LLM Observability

Track LLM usage, costs, and performance across all AI operations with ClickHouse-powered analytics.

Overview

The LLM Observability dashboard provides real-time visibility into every AI model invocation in M3 Forge. It aggregates data from all workflows, agents, and manual prompt executions to help you:

Monitor costs by model, workflow, and time period
Analyze token usage to optimize prompt efficiency
Track latency to identify performance bottlenecks
Debug failures by drilling into specific traces

All data is stored in ClickHouse for fast aggregation queries over millions of LLM calls.
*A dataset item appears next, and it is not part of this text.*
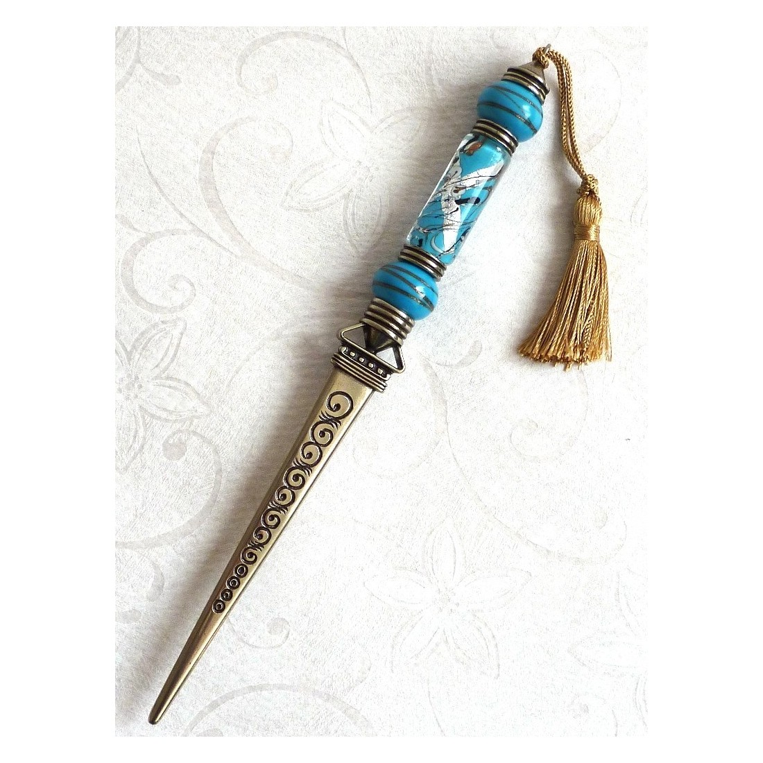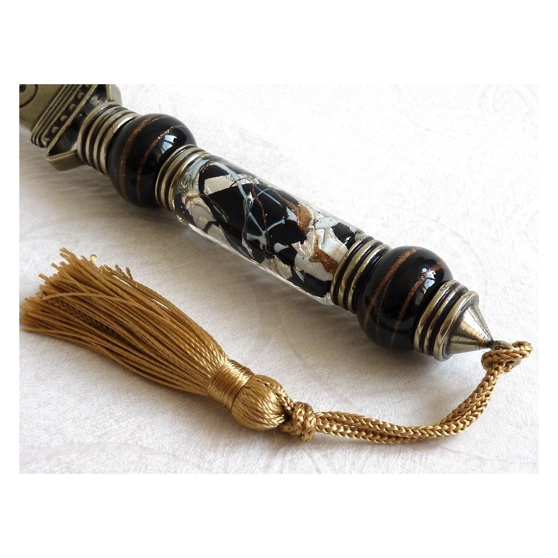Abrecartas de vidrio y alpaca. Un exquisito estilo veneciano que se ha redefinido. Esto será un regalo elegante y quedará maravilloso en su escritorio. Hecho a mano con cristal de Murano. Disponible en varios colores.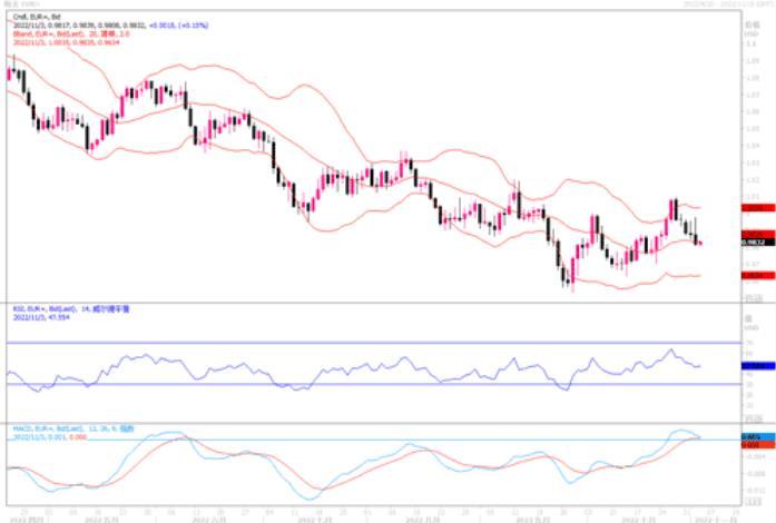 周四凌晨美联储宣布加息75基点,决定将联邦基金目标利率区间上调至3.75%-4.00%,为2008年初以来的最高水平。美联储同时表示未来可能会放慢加息步伐,以评估迄今为止“货币政策累积收紧的程度”,这令市场认为美联储可能在未来放慢加息幅度,最早或在12月结束连续加息75基点的行动,转而支持更小幅度可能是50基点的加息。但随后美联储主席鲍威尔在新闻发布会上表示,现在讨论美联储何时可能暂停加息“为时过早”。受此影响,美元指数走势先跌后升,欧元则表现为先涨后跌,当天欧元开盘0.9873,收盘0.9817,小幅收跌。

For executor-originated calls that run through Marie’s Valkey-backed dispatch path, use LLM Dispatch Runtime to inspect live pending/in-flight requests and dispatch health. LLM Observability remains the trace and analytics layer for completed calls.
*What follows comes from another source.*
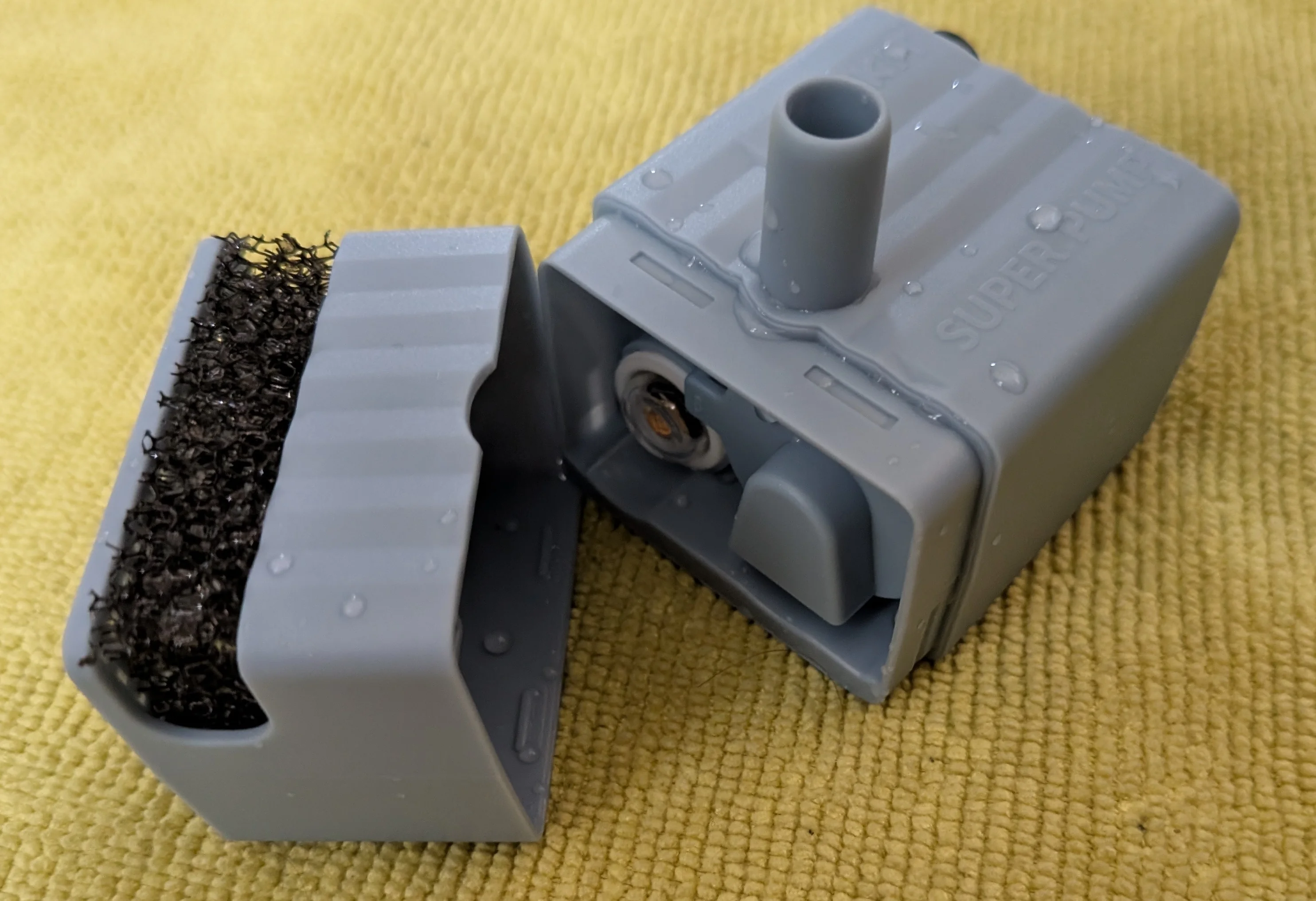 I am primarily interested in the pump; the integrated “low water” sensor and the UV-C sterilization are very nice features that would check off a lot of boxes for me… Unfortunately this pump it lacks both the flow rate and the head that I need for my project.
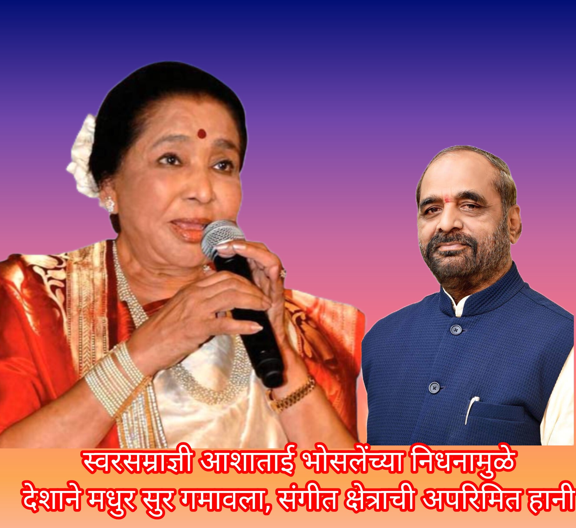 चंद्रपूर :- देशातील कोट्यवधी रसिकांच्या हृदयसिंहासनावर अधिराज्य गाजवणाऱ्या महान पार्श्वगायिका आशाताई भोसले जी Asha Bhosle यांच्या दुःखद निधनाने देशाने मधुर सुर गमावला आहे. एवढेच नव्हे तर भारताच्या सांस्कृतिक ठेव्याची विषेशतः संगीत, कला, चित्रपट या क्षेत्राची अपरिमित हानी झाली असल्याची शोकसंवेदना पुर्व केंद्रीय गृह राज्यमंत्री हंसराज अहीर Hansraj Ahir यांनी व्यक्त केली आहे. Nation has lost a melodious voice; it marks an irreparable loss to the world of music

LLM Observability dashboard showing cost breakdown by model, token usage charts, and latency metrics

Accessing the Dashboard

Navigate to Monitoring → LLM Observability in the sidebar or visit /llm-observability directly.

The dashboard displays:

Cost summary cards showing total spend, average per call, and trend vs. previous period
Token usage charts with breakdown by input vs. output tokens
Latency percentiles (p50, p95, p99) over time
Model distribution pie chart showing usage by provider and model
Trace table with filterable list of recent LLM calls

Cost Tracking

How Costs are Calculated

M3 Forge maintains an internal pricing table for all major LLM providers:

Provider	Models	Pricing Unit	Rate Source
OpenAI	GPT-4, GPT-3.5, o1	Per 1M tokens	OpenAI Pricing
Anthropic	Claude 3.5, Claude 3	Per 1M tokens	Anthropic Pricing
Google	Gemini Pro, Gemini Flash	Per 1M tokens	Google AI Pricing
Local	Custom models	$0.00	Self-hosted

Costs are computed as:


cost = (input_tokens / 1_000_000) * input_price +
       (output_tokens / 1_000_000) * output_price

Pricing is updated monthly from provider rate cards. Custom models can be configured with override pricing in Settings.

Filtering by Cost

Use the cost filter to find expensive operations:

Top spenders - Sort by total cost descending to find workflows burning budget
Cost per call - Identify inefficient prompts with high token counts
Date range - Compare costs week-over-week or month-over-month
By model - See which model tier (GPT-4 vs. GPT-3.5) drives costs

Cost Alerts

Configure budget alerts in Settings → Monitoring:


{
  "cost_alerts": [
    {
      "threshold": 100.00,
      "period": "daily",
      "notification": "slack"
    },
    {
      "threshold": 1000.00,
      "period": "monthly",
      "notification": "email"
    }
  ]
}

When spending exceeds a threshold, M3 Forge sends notifications via configured channels.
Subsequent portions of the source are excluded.